An audiophile's voyage to find the quietest laptop
I changed laptops about a month ago. I had a Windows netbook, and I opted up, as it were, to a Macbook Air. Part of the attraction of the Macbook Air was its solid-state drive. Unlike a traditional hard drive, which is in effect a high-tech LP player with read-write capability, the SSD has no moving parts -- well, except at the level of the electrical charge that allows data to be stored. (If you can hear that, please get in touch while the next X-Men movie is still in pre-production.) The lack of a physical interface means the SSD is silent, and also less likely to trigger the computer's fan, which in most cases is the primary producer of computer noise on a laptop or desktop. (Note: You can, indeed, upgrade netbooks to SSD drives, but the one I had, a slim Acer, had its drive buried so deep in the device that it was beyond my abilities and my time.)

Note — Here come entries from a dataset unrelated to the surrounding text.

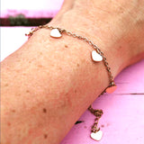 Filigranes Herzlein® Armbändchen aus Edelstahl in der Farbe Rosa-Gold, mit mehreren süßen kleinen Herzchen.
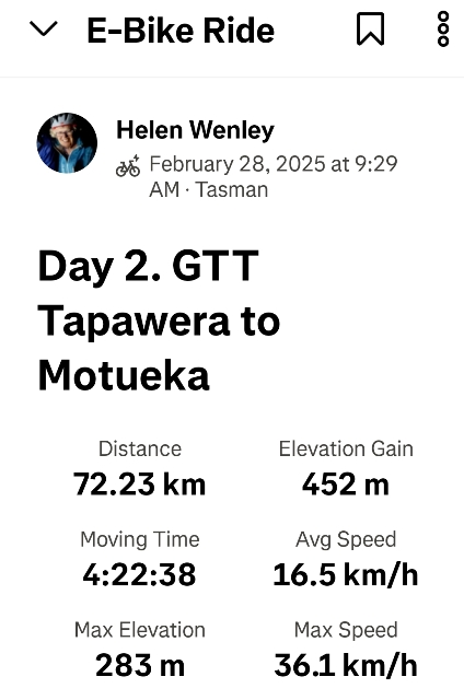 And before we knew it, we were back where we’d started. We’d experienced perfect weather, excellent companionship, very comfortable accommodation and great food. The trail was in good condition, with diverse scenery, and with just a good amount of challenge. The hire ebikes were adequate. I’d do it again in a heartbeat!
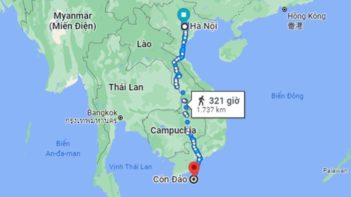 As per Mytour's latest findings, the air distance from Hanoi to Con Dao is roughly 1390 km, covering airspace over Laos and Cambodia.
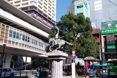 名古屋駅から歩くと、徳川家康の”しかみ像”を発見。

Beyond the fan, the main mechanical part of a laptop is its keyboard. The Macbook Air's keyboard is one of the best I've worked with. I've long been skeptical of Apple keyboards, believing that they at times achieve their pronounced elegance, their fiercely minimalist silhouette, at the expense of functionality. The one on the Air, however, is splendid. (Mine is the "2011 Air," so unlike its Air predecessors, the keyboard has the additional benefit of being backlit). I've typed on both my iPad 2 and my Air next to my sleeping 14-month-old, and it's possible that the Air keyboard is the quieter of the two -- perhaps not quantitatively, in terms of measurable amplitude, but almost certainly qualitatively: The finger-tap sound of the iPad screen is akin to cold, hard raindrops. It's a sound is so singular and strong that it can seem even louder than the cushioned noise of the Air's keyboard.
Like the single physical button on the iPad, the trackpad click on the Air emits a peculiarly hard crunch. It's like a small chitinous thing being stepped on.With one prominent exception (the trackpad), the deficits I've come across on the Air, in terms of troubling sonic properties, are restricted to its operating system (OS X Lion), and the very near silence of the SSD may be responsible for bringing them to the foreground. Here are some notes on the three most persistent of those sounds, and on compensating for them:
TRACKING ERROR: The Air's keyboard may be blissfully quiet, but its trackpad is another story. Like the single physical button on the iPad, the trackpad click on the Air emits a peculiarly hard crunch. It's like a small chitinous thing being stepped on. Fortunately for iPad users, the latest major upgrade of its operating system, iOS 5, made that button less necessary than it had been in the past: various swipes accomplish the majority of its tasks. The Macbook Air default setting requires you to click hard on the trackpad to click on anything (like a webpage link, for example). However, there is a setting under "System Preferences" to correct this. Just select "Trackpad," which appears under "Hardware." Then select the "Point & Click" menu. And then click on "Tap to click." In most but not all cases, a simple (and near silent) tap on the trackpad will now accomplish most of the hard-click tasks. By the way, I have noticed a few instances when you still need to click hard, but very few (example: when selecting a user account on the laptop after turning on the machine).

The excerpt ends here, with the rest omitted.